I have read news reports of the Department’s refusal to release information on a variety of issues. In November, the Daily News reported that your staff balked at requests for crime statistics, the names of schools you had visited, and those schools that had dangerous water fountains.
In January, the New York Times reported that “Mr. Klein and his aides offered few details of how the Leadership Academy would work and the roles of Mr. Welch and Mr. [Robert E.] Knowling.”
Just last month, the New York Post wrote that “buried way at the end of Klein’s two-page, tiny-type letter” was the right to transfer a child out of a failing school… “No wonder Klein & Co. are viewed suspiciously on their commitment to informing parents about policy.”
And just last week, your Department refused to release the list of 88 schools that have been given one-year exemptions from the new standard curriculum.

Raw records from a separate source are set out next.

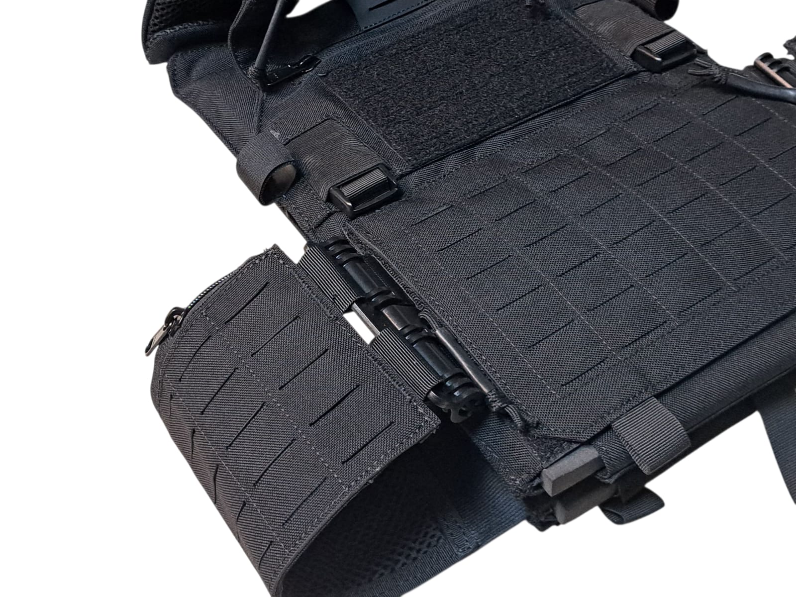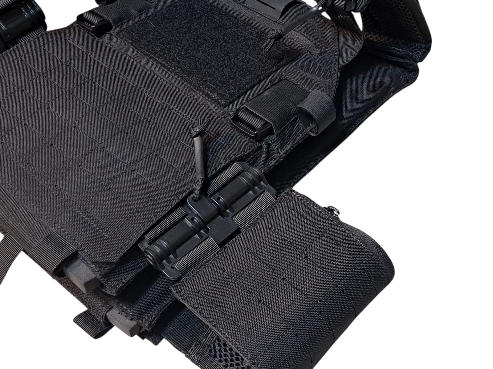 Removable front flap can be replaced with a placard or buckle chest rig of your choice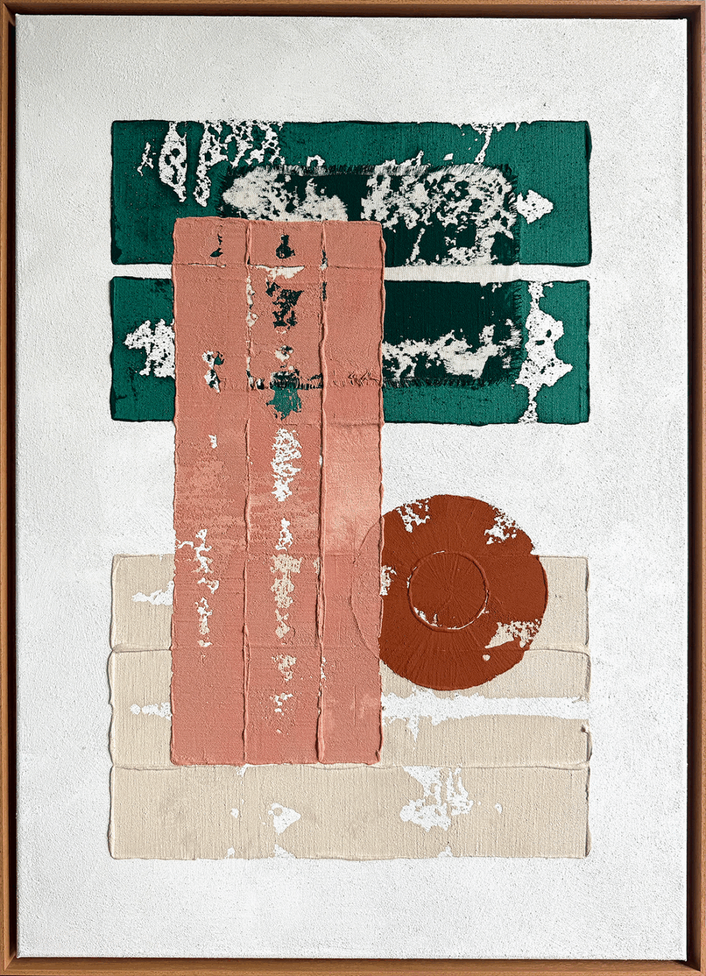 Peinture à la chaux, acrylique, lin lavé, eau de mer & sable de Croatie sur chassis entoilé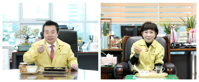 | ▲ 제298회 정례회 회기 중인 1일, 박동웅 의장(왼쪽)과 곽윤희 부의장이 도시락으로 점심식사를 하고 있다. (사진제공=구로구의회) |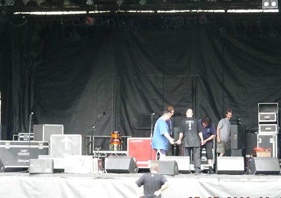 Soundcheck – Jonny, Ron, Graham, and a couple of locals setting up the equipment

Secrecy and silence serve only to exclude the oversight of experienced educators, concerned elected officials, and most important, the parents of the very children the Department of Education exists to serve. The information parents seek on their children’s education should be available. I urge you to rethink this approach and allow the release of information that allows for critical public involvement and discussion of your admirable efforts to reform our public schools. I will be calling you shortly to discuss this issue.